What was the author's purpose(s) in writing this book, and how can you tell? How well was this purpose achieved?
What was the author's purpose(s) in writing this book, and how can you tell? How well was this purpose achieved?
His purpose was to relay his memories Some of the memories of his childhood for instance like his father and his paintings really urged him to go on and complete what was started. His father would always coup up in the attic of the apartment complex to paint. Then he died. Kien went through so much pain he turned into a drunk. He began writing stories about his life only to recite them to the mute girl who moved into the old room where his father used to paint.
"Story after story would pour out; they were horrible and they were vivid. Even she could read that on his lips and hear the sharp ends of certain words, words reserved for killing and for agony... It took some time for her to realize that what he had been doing in all those visits was repeating stories he had just written only hours earlier. She had become his sounding-board. He was greedily demanding of her that she listen to what he had written, even though he knew she could not understand fully what he related." (pg.112)
The way you can tell what he was trying to tell us is by reading the book. Page after page he lures you into the stories of war only for the scenes to end and talk about his emotional dis-functions and his destroyed future. astounded by how much the war had changed him,he wrote this book about his life but he changed the main character's name to keep himself safe from the government when he first wrote it.
What are the weaknesses of this book, in your opinion?

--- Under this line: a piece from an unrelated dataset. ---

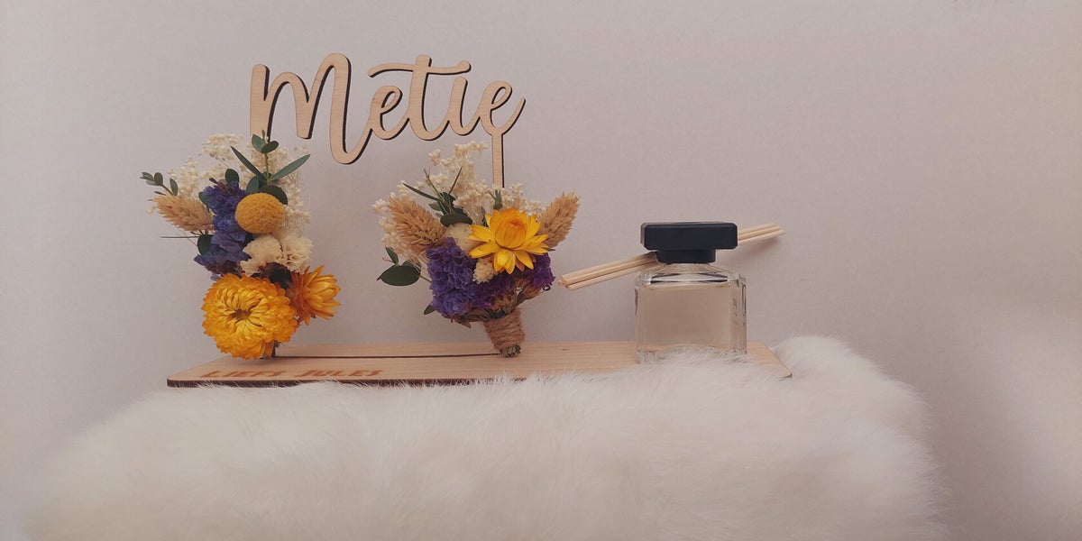 - Houten kader met droogbloemen en tekst, klein: € 18

The book could have been better if it was more recognized. It seemed like the Lord of the Rings books because of skipping around time. Also the book needed to be separated into chapters to help create a moment to pause and reflect on the words that were written. Also the different times created the ineffective choices of present, past, and present-participle phrasing. Accounting the times were hard to have free time to write, I think it should have been formatted into a journal entry form. When he describes the characters the author needed to be more descriptive and recreate their personalities. All in all the book was good but it could have been better, and I recommend it to those who have a taste for adventure, war, and history.